What if the ‘Surge’ Succeeds?

Robert Kagan, a long-time senior associate at the Carnegie Endowment for International Peace, writes a monthly column for the Washington Post. On the chance that Kagan’s views were not getting enough exposure, the White House helpfully e-mailed the column to me this morning as part of their “Iraq Update: IN CASE YOU MISSED IT” series (ALL CAPS in the original).

It puzzles me that the Post and the White House would want to shine so much attention on Kagan given his long record of faulty predictions with respect to Iraq. After all, one wouldn’t expect CNBC, BusinessWeek or Money magazine to be touting financial analysts and stock pickers who were strong advocates of ENRON, WorldCom and Tyco.

And it is not like this is a passing fancy; Kagan has been bullish on war with Iraq for years. Kagan signed the infamous open letter to President Clinton in January 1998 calling for military action against Iraq ”in the near term” given that “diplomacy is clearly failing.” Less than six months later, he repeated his call for military action in an open letter to then-congressional leaders Newt Gingrich and Trent Lott.

One year after the start of the Iraq war, Kagan and frequent co-author William Kristol noted the “obvious success” of the signing of Iraq’s interim constitution and “other measures of progress” including “electricity and oil production” and signs of damage to the Baathist-led insurgency. Despite continued violence, Kagan and Kristol cautiously predicted, “We may have turned a corner in terms of security.”

Kagan and Kristol were particularly encouraged by the “hopeful signs that Iraqis of differing religious, ethnic, and political persuasions can work together.” Then they took a shot at the Iraq war skeptics, “both here and in Europe” who predicated “that a liberated Iraq would fracture into feuding clans and unleash a bloodbath.”

After compiling a list of Kagan’s greatest hits, salon.com’s Glenn Greenwald asks “Why would any rational person listen to Robert Kagan?” Of course, Kagan is free to write or opine or do whatever he likes – and the rest of us are free to ignore him. But it isn’t enough to ignore the people who got us into the war, and who now expect us to take them seriously on what to do next. As Greenwald notes, scorn is much more appropriate.

However, what if Kagan is right? What if he has finally gotten something right, after years of inaccurate predictions and fallacious reasoning? For the sake of argument, I’ll take him up on the premise of his latest article, “The ‘Surge’ Is Succeeding.” The column begins: “A front-page story in The Post last week suggested that the Bush administration has no backup plan in case the surge in Iraq doesn’t work. I wonder if The Post and other newspapers have a backup plan in case it does.”

I wonder if the American public much cares. The public realizes what Kagan does not: the costs of the Iraq war have already far exceeded any benefits that we as a nation might ultimately derive from it, even if we did not spend another dime on the venture, and even if no more soldiers are killed or wounded.

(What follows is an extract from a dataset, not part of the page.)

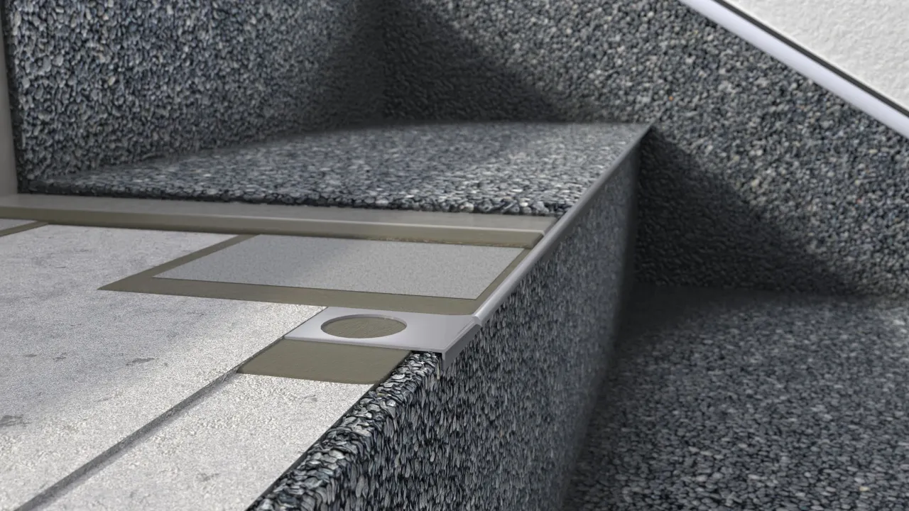 systemowe profile wykańczające krawędzie stopnic i policzków w technologii okładziny żywicznej kamienny dywan

If, in fact, a miracle has happened, if a mere 8,000 or so of the expected 25,000 additional troops have succeeded where 140,000 U.S. troops have failed for the past four years, if this small number of U.S. military personnel have driven the insurgency underground, stiffened the resolve of the Iraqi government, cowed Iraq’s neighbors into cooperating, and paved the way for the eventual withdrawal of U.S. troops from Iraq, we can all be thankful for that.

But wait. Robert Kagan does not favor an eventual withdrawal of U.S. troops. Indeed, Kagan celebrates the announcement that U.S. troop levels in Iraq will remain at their current levels ”through at least the beginning of 2008” (again putting the lie to the notion of a surge, which implies a short-term increase).

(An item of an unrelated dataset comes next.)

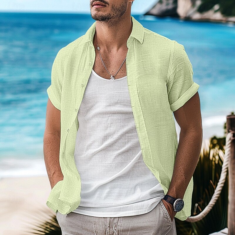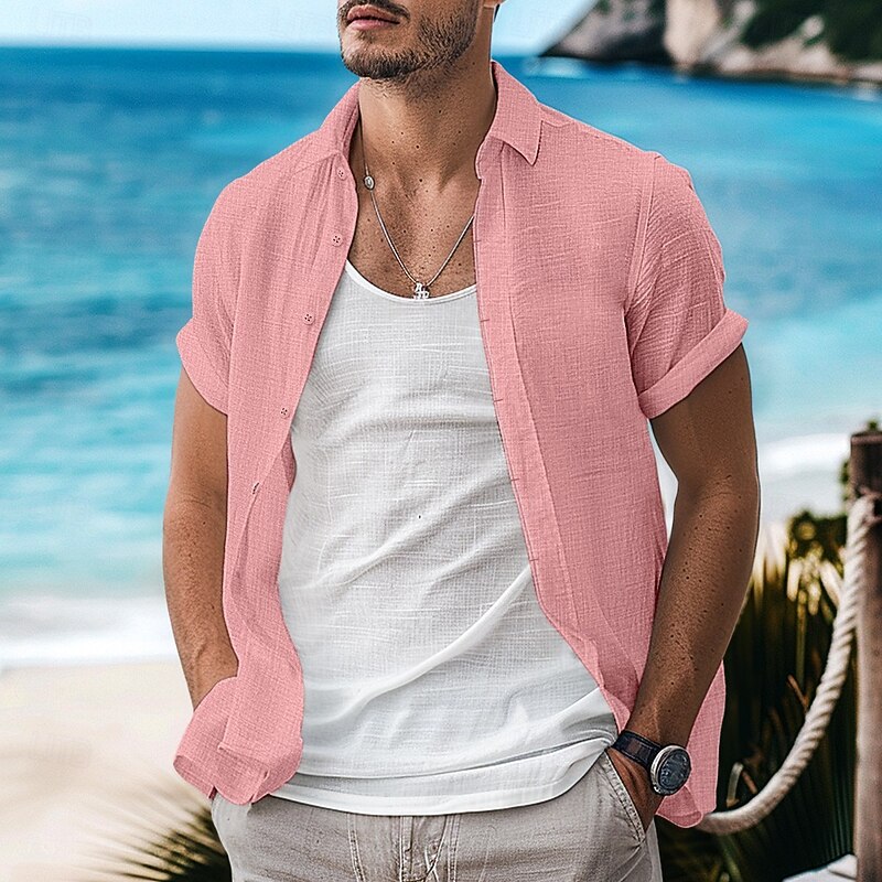 More information about Men's Shirt Linen Shirt Summer Shirt Button Down Shirt Casual Shirt Beach Shirt Plain Vacation Curise Black White Light Green Pink Short Sleeve Lapel Summer Clothing Apparel

Even 2008 is too soon to speak of withdrawal as far as Kagan is concerned. Any talk of drawing down forces (ever it is implied) can only give comfort to Moqtada al Sadr and al-Qaeda.

So if, by Kagan’s reasoning, the surge is succeeding, it merely paves the way for an indefinite troop presence at more or less current levels, at a cost of approximately $150 billion, perhaps 1,000 or so American troops killed, and 10 to 15 times that number wounded, each year.

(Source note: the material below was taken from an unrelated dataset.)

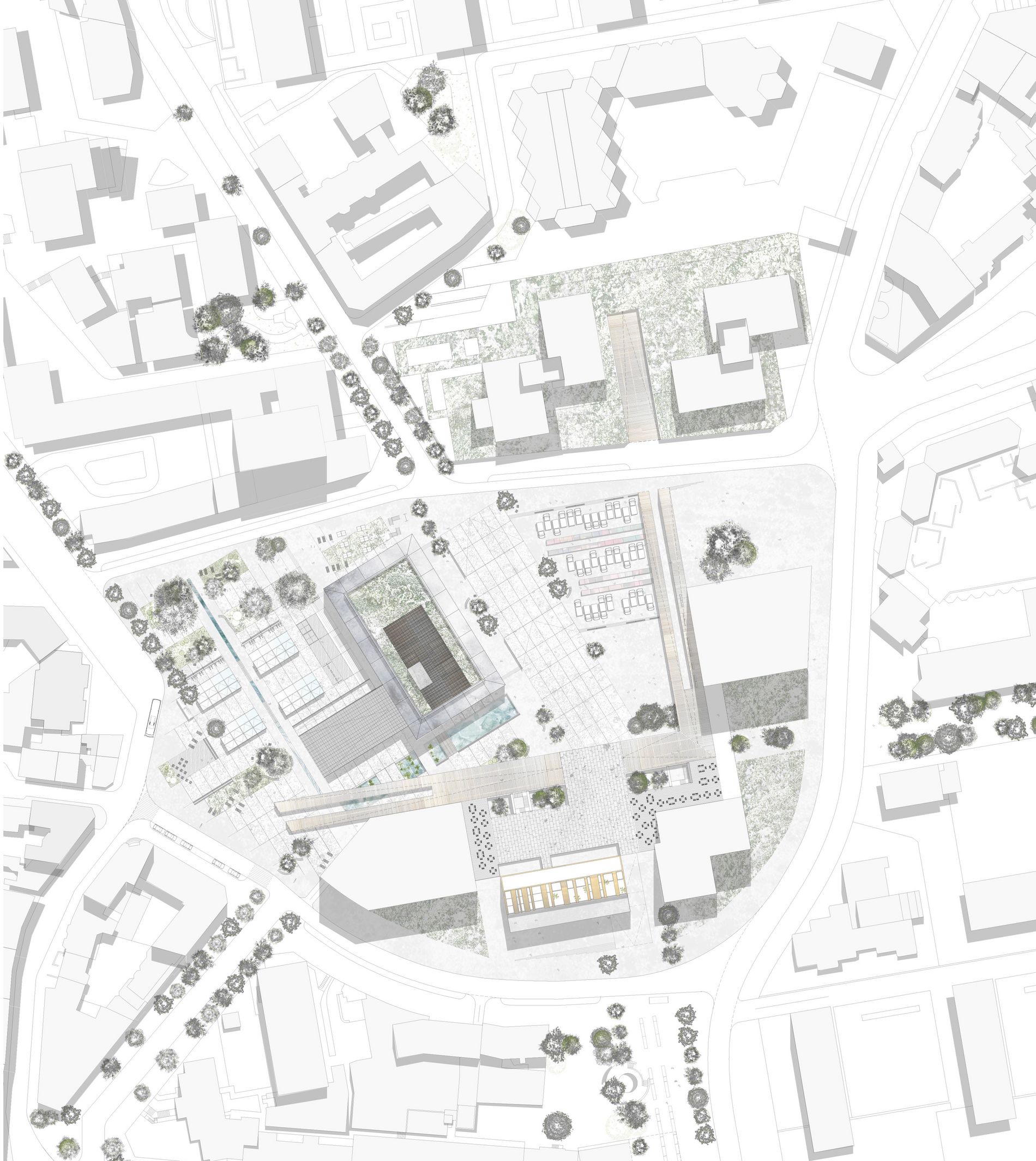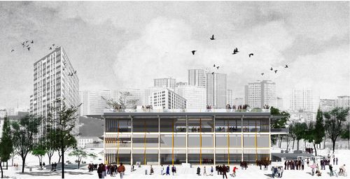 Il est le point de rassemblement entre les différentes fonctions que propose dès lors la nouvelle place des Fêtes.

That is what we get if the surge is succeeding. We shouldn’t be surprised that the public demands success of a different sort, the kind that will stop the flow of lives and money into the Iraqi quagmire that Kagan has long advocated.

So-Called Consumer Protection Law Hurts Consumers

Headline-seeking politicians like to enact laws that ostensibly protect consumers from predatory businesses. Item-pricing laws are a good example. They supposedly exist to protect consumers from being overcharged by unscrupulous grocery stores, even though research shows that stores are just as likely to make mistakes that benefit consumers. Requiring individual price tags, though, is an unambiguous negative for shoppers, raising prices by as much as 10 percent because of added labor costs. A column in the Wall Street Journal explains:

New York and several other states (California, Illinois, Massachusetts, Michigan, New Hampshire, North Dakota, Rhode Island and sometimes in Connecticut) have an “Item Pricing Law” (IPL) requiring that, for most goods in retail stores, each item have its own individual price sticker; in other states a simple price tag on the shelf is considered sufficient. …Prices in IPL stores are 20 cents to 25 cents higher per item than in non-IPL stores. …The maximum estimate of the benefit of avoiding overcharges to consumers through IPLs is less that one cent per item. …The laws are a bad deal for consumers. How significant are these price differences – about a quarter per item? The average price of the items in our sample was about $2.50, so there is a 10% difference. This implies that prices of groceries are almost 10% higher in IPL stores. Food represents about 14% of the average family’s budget. IPLs, therefore, reduce the real incomes of families by more than 1% – a nontrivial amount. In sum, our study shows that IPLs impose net costs on consumers much greater than any potential benefit. Jurisdictions without them should not pass them, and jurisdictions with them should repeal them. In New York City, where costs and so prices are already very high, consumers would greatly benefit from a 10% reduction in grocery prices.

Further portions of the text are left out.